Task description: The copy should hold exactly the lines below from the one that contains "Dual armed computer" through the one that contains "Saat ini SPayLater" and nothing else, so no pictures.

Recorded information:
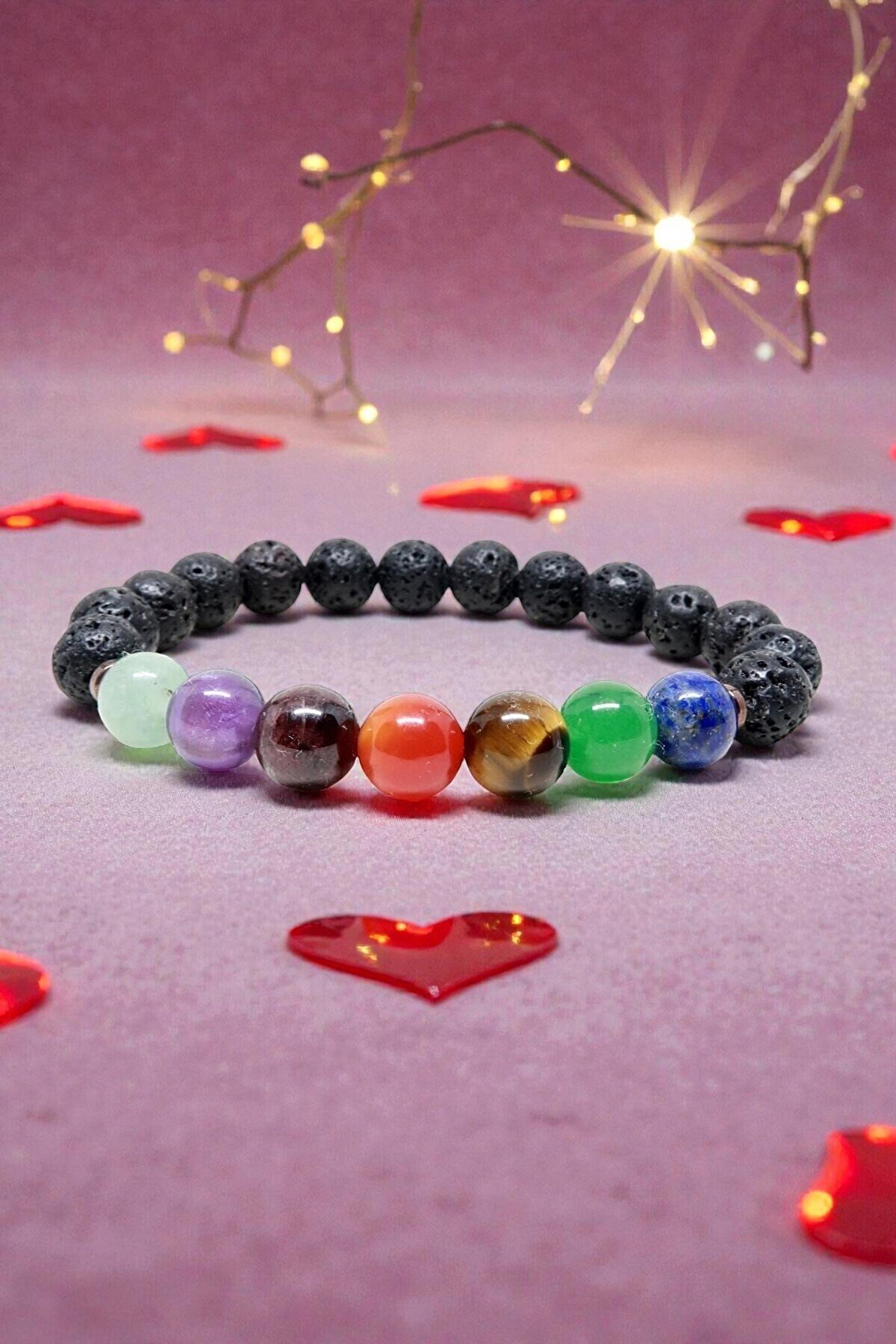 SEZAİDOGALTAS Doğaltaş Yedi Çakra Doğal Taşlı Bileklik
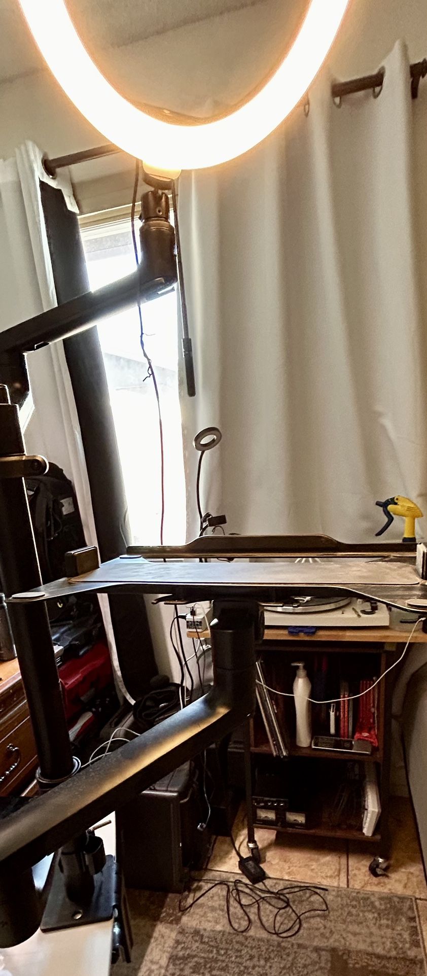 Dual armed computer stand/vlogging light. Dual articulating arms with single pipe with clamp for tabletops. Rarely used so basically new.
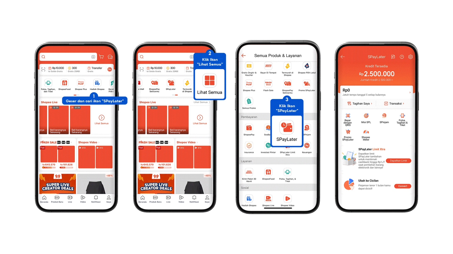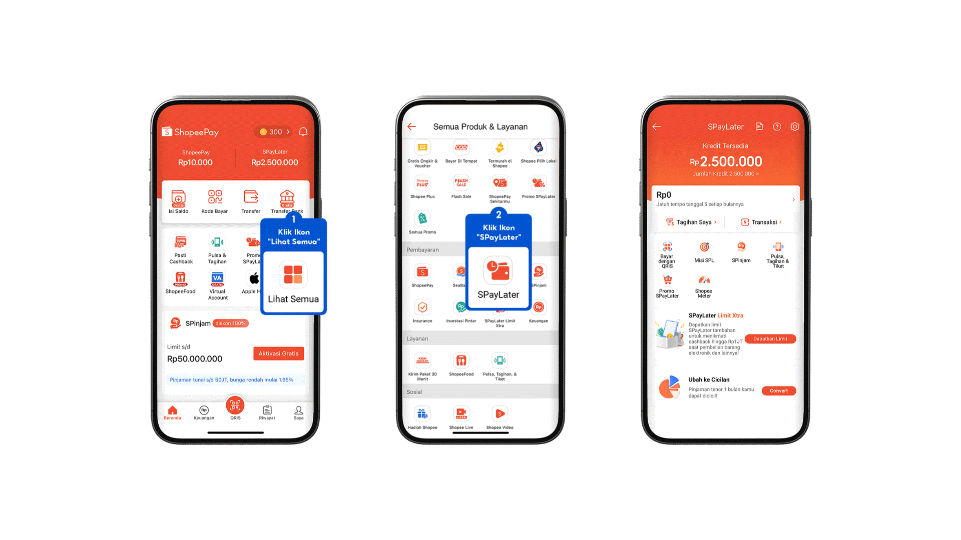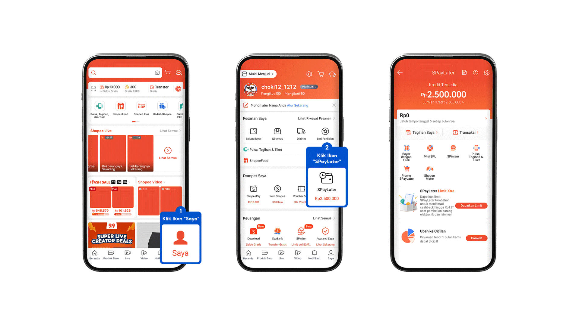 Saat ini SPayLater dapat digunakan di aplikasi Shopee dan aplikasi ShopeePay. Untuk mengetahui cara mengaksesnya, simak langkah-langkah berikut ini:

--

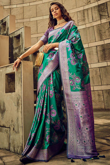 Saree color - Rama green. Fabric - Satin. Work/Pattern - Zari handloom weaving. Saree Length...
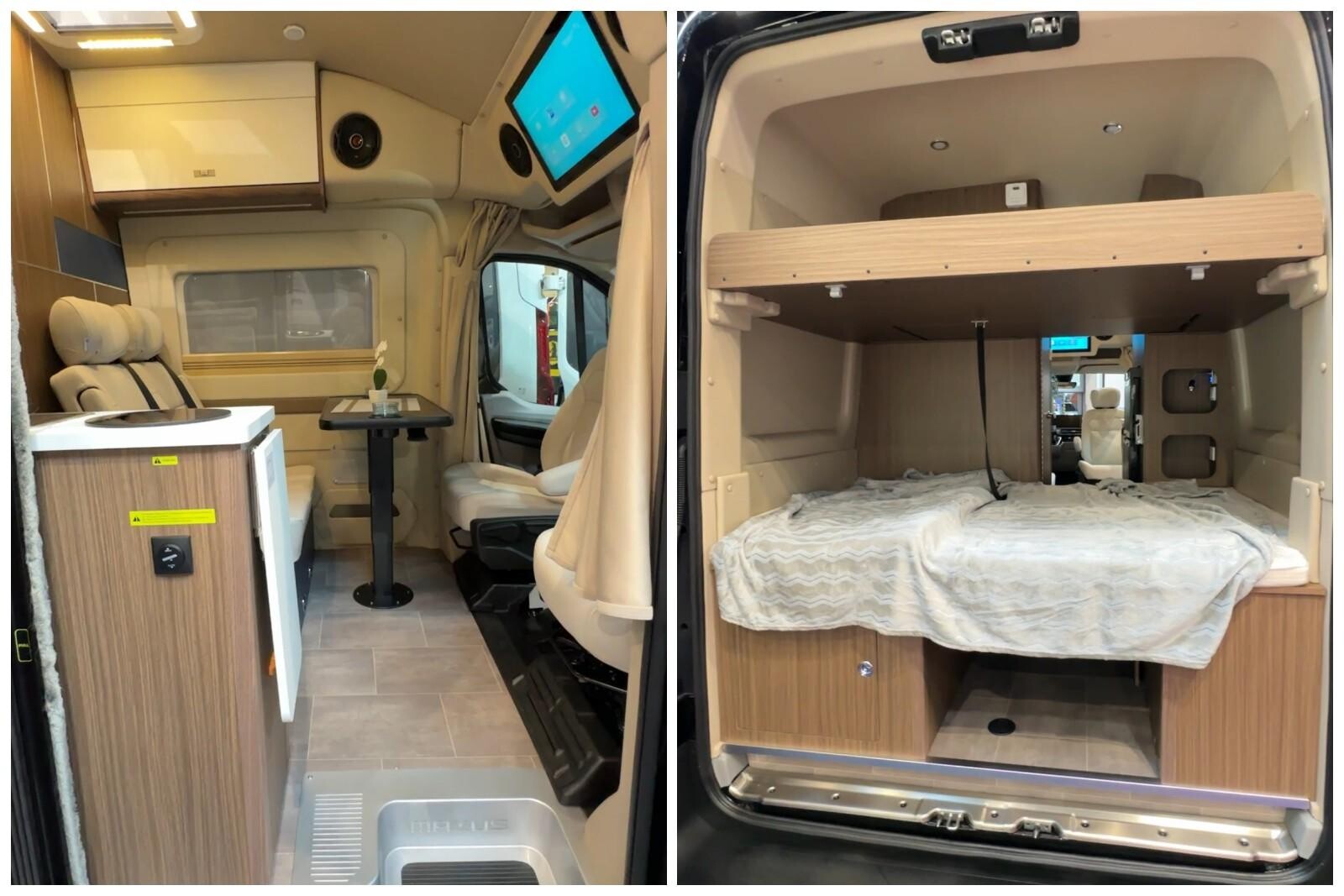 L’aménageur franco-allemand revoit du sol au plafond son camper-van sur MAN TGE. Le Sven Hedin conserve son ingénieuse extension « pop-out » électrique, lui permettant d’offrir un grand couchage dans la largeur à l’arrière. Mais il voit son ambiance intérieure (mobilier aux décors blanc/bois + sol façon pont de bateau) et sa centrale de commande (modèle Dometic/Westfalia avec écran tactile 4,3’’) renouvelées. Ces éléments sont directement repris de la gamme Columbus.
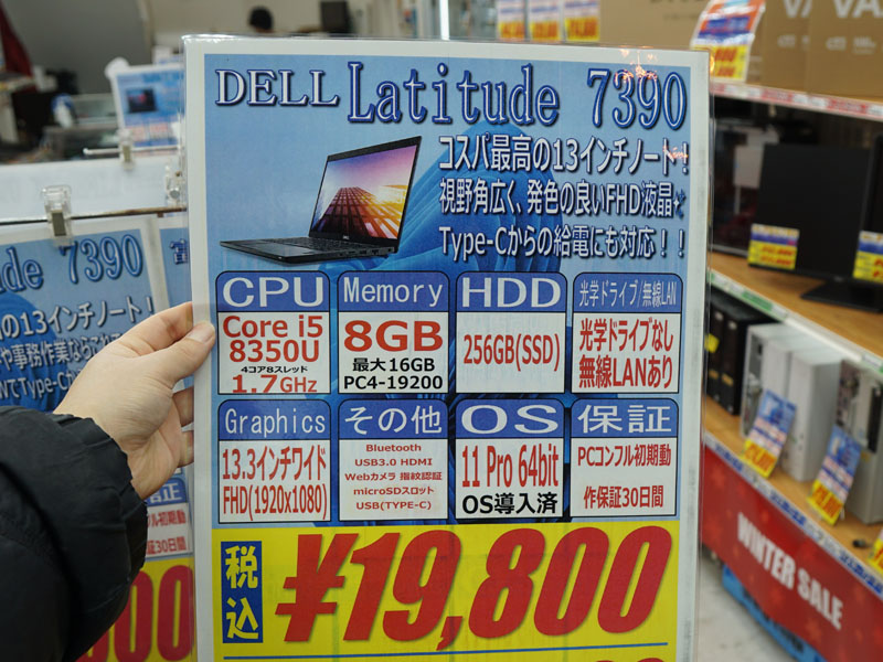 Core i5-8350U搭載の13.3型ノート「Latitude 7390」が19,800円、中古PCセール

==

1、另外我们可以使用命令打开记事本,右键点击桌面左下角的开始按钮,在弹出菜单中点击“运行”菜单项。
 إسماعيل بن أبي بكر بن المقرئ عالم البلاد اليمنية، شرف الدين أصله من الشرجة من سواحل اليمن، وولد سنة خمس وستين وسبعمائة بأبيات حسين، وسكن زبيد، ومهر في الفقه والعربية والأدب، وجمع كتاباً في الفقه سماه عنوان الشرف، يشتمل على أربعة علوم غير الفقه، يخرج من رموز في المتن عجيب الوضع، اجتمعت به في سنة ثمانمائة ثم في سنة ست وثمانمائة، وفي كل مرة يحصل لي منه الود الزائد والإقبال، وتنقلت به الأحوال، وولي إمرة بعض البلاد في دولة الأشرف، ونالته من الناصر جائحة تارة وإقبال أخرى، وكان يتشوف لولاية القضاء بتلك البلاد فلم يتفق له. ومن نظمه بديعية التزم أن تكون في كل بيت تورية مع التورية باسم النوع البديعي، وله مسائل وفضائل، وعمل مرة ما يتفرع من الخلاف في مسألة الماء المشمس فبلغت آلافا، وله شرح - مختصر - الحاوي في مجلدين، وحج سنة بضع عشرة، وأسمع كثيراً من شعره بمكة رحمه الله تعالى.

Task result:
 Dual armed computer stand/vlogging light. Dual articulating arms with single pipe with clamp for tabletops. Rarely used so basically new.
 Saat ini SPayLater dapat digunakan di aplikasi Shopee dan aplikasi ShopeePay. Untuk mengetahui cara mengaksesnya, simak langkah-langkah berikut ini:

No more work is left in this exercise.